Lope’s Family Pork: Banana Ketchup, Braddah Tommy Sauce, Finadene Shiso, butter lettuce, and choke herbs for wrapping

 

 

It’s all ongoing. The dishes, notes Godfrey, now general manager at Lineage, were pared from 400 ideas the crew scrawled on a whiteboard a year and a half ago and still draws from.
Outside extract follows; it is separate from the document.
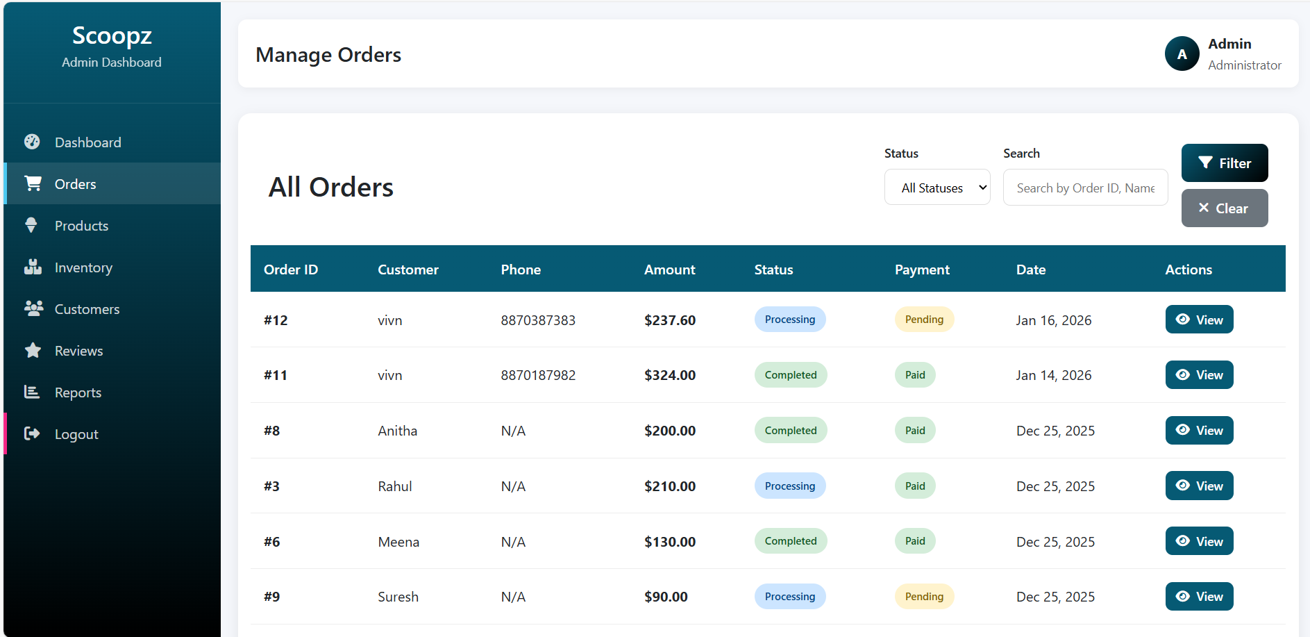 ✔ Order management (Admin Panel)

Crispy pata and lauya are gone, replaced by a $59 four-course dinner with either-or choices for two starters, an entrée and dessert—a suggestion from servers who were having trouble explaining the menu’s family-style concept to tourists. “We’re in Wailea. There’s a huge culture of people who have been visiting for 10, 15, 30 years and like to feel they’re well-versed in the food and culture of Hawai‘i and they have no idea. They think mac nut-crusted fish in beurre blanc sauce is what we have,” Godfrey says. “The food that we sell is very difficult for especially the Western visitor to understand. It’s a different language to them. Now we are able to get these folks in, put food in front of them, explain it a little, give them the overall experience and make it not unapproachable.”

 


SEE ALSO: 2019 Hale ‘Aina Award Winners: The Best Restaurants in Hawai‘i


 

chef sheldon simeon

Garden poke: Seasonal varietals, inamona, limu

 

 

You can’t help but wonder how things would be if Lineage were in Honolulu. Family-style eating is a hallmark of restaurants like The Pig & The Lady and Mud Hen Water, and urban foodies excited by the evolving scene aren’t put off by fish sauce or pickled seaweed. But the other balancing act at play is Simeon’s family-first mantra, the chief reason Maui is still home. He wants to be the dad who never misses his kids’ recitals and takes them to tumble class and robotics—while juggling two restaurants, a new line of bottled chili pepper water, interview requests and appearances at food and wine festivals. It was bad luck that Father’s Day fell on the last day of the 2019 Food & Wine Classic in Aspen, Colorado, where Simeon was the only Hawai‘i face among Michelin-starred chefs and culinary icons such as Jacques Pépin and Ruth Reichl. Janice would end up wishing him a happy Father’s Day on Facebook.

 

But not on this day. After an hour, Simeon wraps up the interview. He’s taking his kids to the pool.